A new Surfshark study finds several Fintech apps do more than provide advice and service – they also collect and share user data.
The research highlights that fintech apps collect significant user data, particularly Paypal and Robinhood. Mint shares 70% of collected data. One in six finance category apps’ data is tracked (such as shared with a third-party advertising network or data brokers). Research is aided by a free app privacy checker tool where users can select the specific apps on their phone and receive a report on the extent of data collection.
“Analyzing 100 popular apps on the App Store, we’ve found a concerning trend: nearly 20% of collected data is used for tracking. Such tracked data can be shared with third-party advertisers or data brokers, who use it to deliver personalized ads targeting the users, or aid companies in market research,” said Agneska Sablovskaja, lead researcher at Surfshark. “Understanding an app’s privacy policy is crucial for safeguarding digital autonomy.”
On average, the findings suggest finance apps collect 16 out of 32 possible data points. That is almost 10% more than the average of 15 collected data points across all 100 examined apps. Moreover, these apps link 93% of collected data points to the user’s identity. Almost 15% of such apps use collected data points to track users across third-party platforms.
PayPal and Robinhood could be named the most data-hungry fintech apps within the finance apps category, collecting 26 and 25 out of 32 data points, respectively, and linking almost all data points to the user’s identity (although they don’t use data to track its users).
Mint is an app that shares the most data points with third parties. According to the authors, around 70% of data points collected by Mint are used to track the user, like email address, precise location, credit info, and purchase history.
Of the 10 analyzed fintech apps, only half do not use data to track their users (PayPal, Cash App, Robinhood, Splitwise, YNAB). The 10 analyzed finance apps were PayPal, Revolut, Cash App, Robinhood, Binance, Coinbase, Crypto.com, Splitwise, Mint, and YNAB.
A total of 1523 data points were collected across 100 of the most popular apps. That’s an average of 15 unique data points per app out of the 32 unique data points defined by Apple. Around 90% of the apps collect usage, diagnostic, and identifier data such as product interaction, user ID, device ID, crash, and performance data.

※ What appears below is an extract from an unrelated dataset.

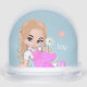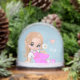 Cute bebé hadas elfo sosteniendo una flor de margarita y el texto Globe de la nieve. El texto se puede personalizar. Ideal para navidades, cumpleaños, fiesta, favor de la ducha para bebés y más.

Most are essential for their app functionality.
Two-thirds of the apps collect your name and coarse location, and nearly half collect your precise location. Coarse location is a more general estimation of where you are, while exact location is more detailed and accurate. More than one-third of the apps collect your contacts, and a fifth collect your emails or text messages and browsing history.

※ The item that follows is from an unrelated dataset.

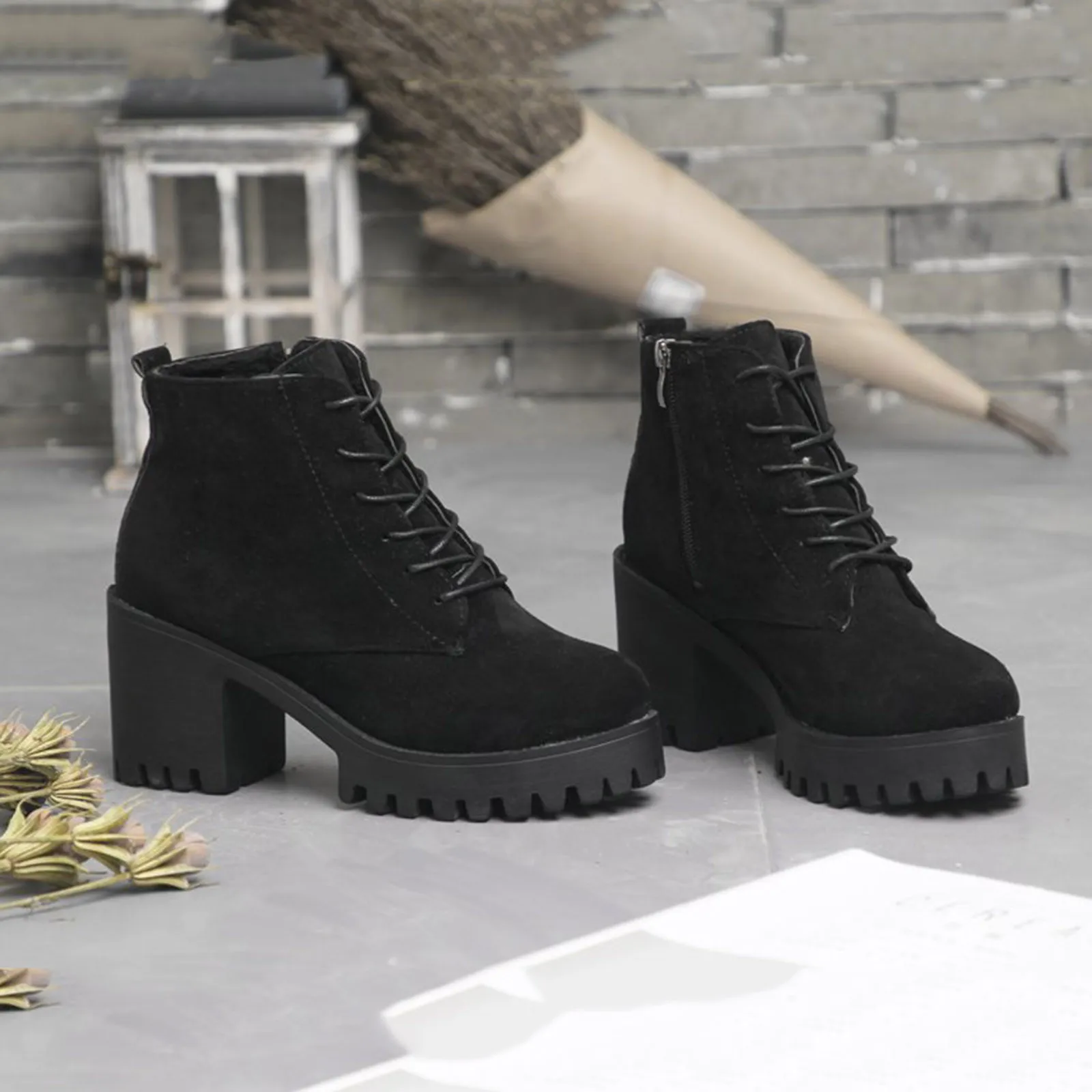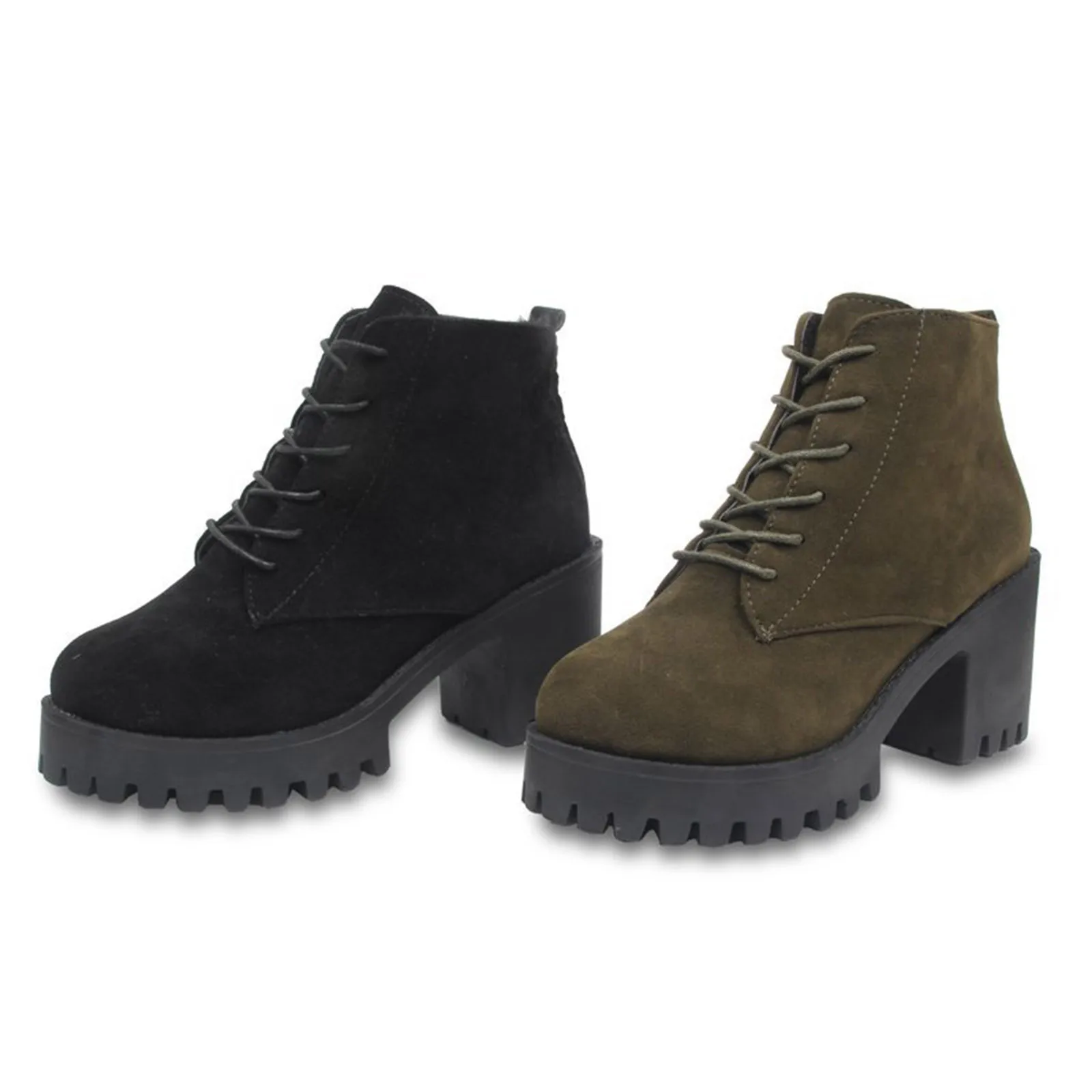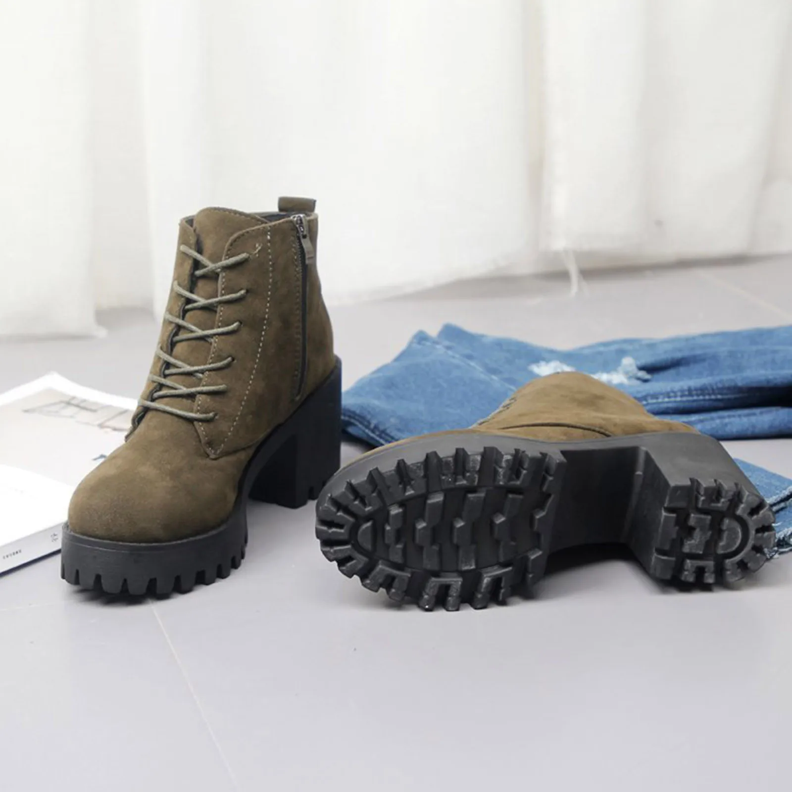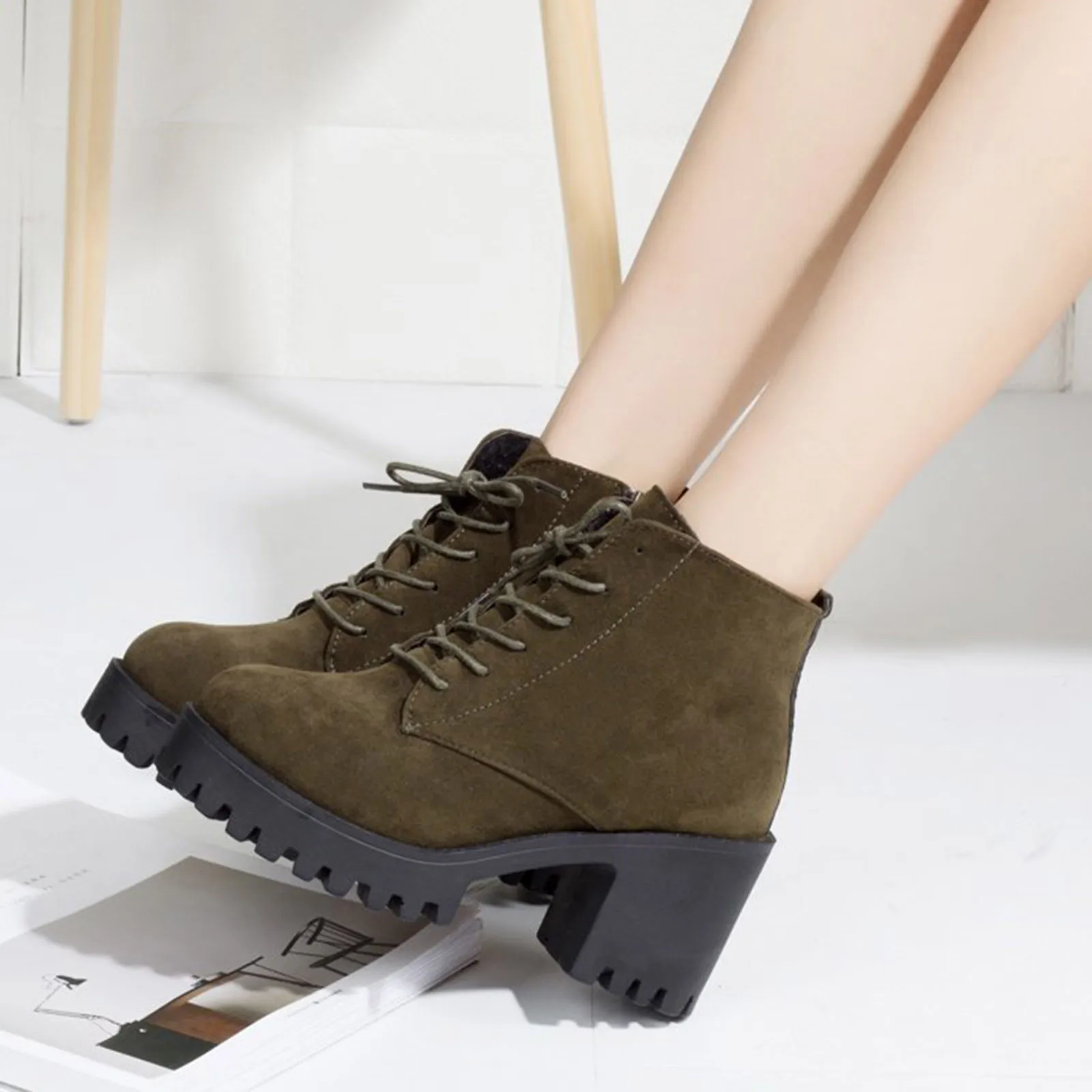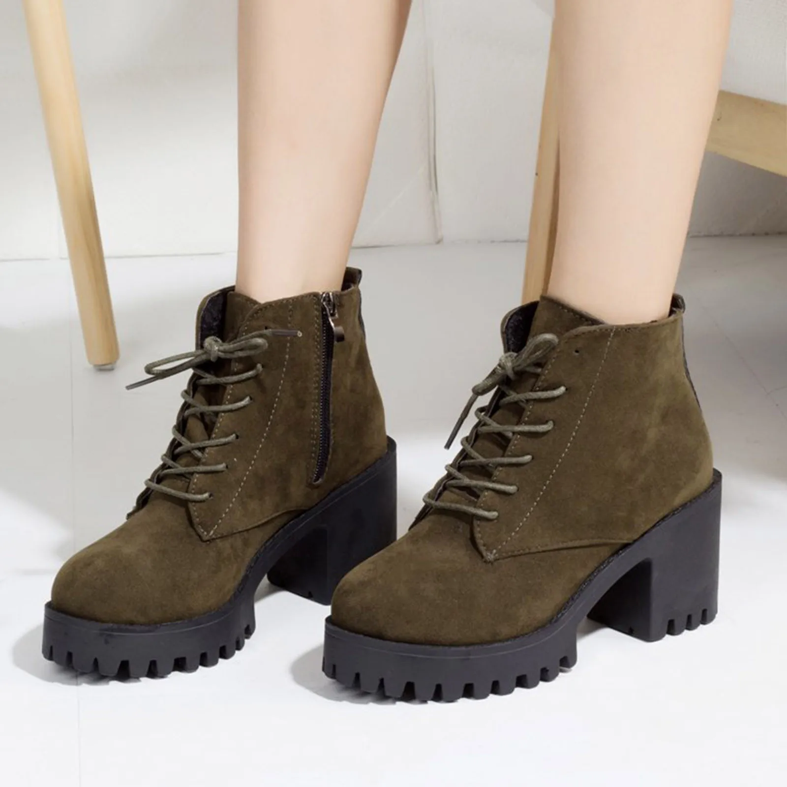 Женские ботинки; Коллекция 2021 года; Зимние ботинки для женщин; Модная обувь на квадратном каблуке; Рабочие ботинки из флока на шнуровке; Цвет армейский зеленый; Распродажа

Facebook and Instagram are the two most privacy-invasive apps. Both apps collect all 32 data points defined by Apple and are the only two to do so. Signal is the only social media and messaging app in the top 10 most privacy-sensitive list. It is the second least data-hungry app, collecting one data point (phone number) that is not linked to you or used to track you.
Before downloading fintech apps, the authors recommend checking the developer’s reputation and data retention policies, paying attention to constant permission requests to access the contact list, camera, storage, location, and microphone and limiting the app’s access to information only when the app is in use.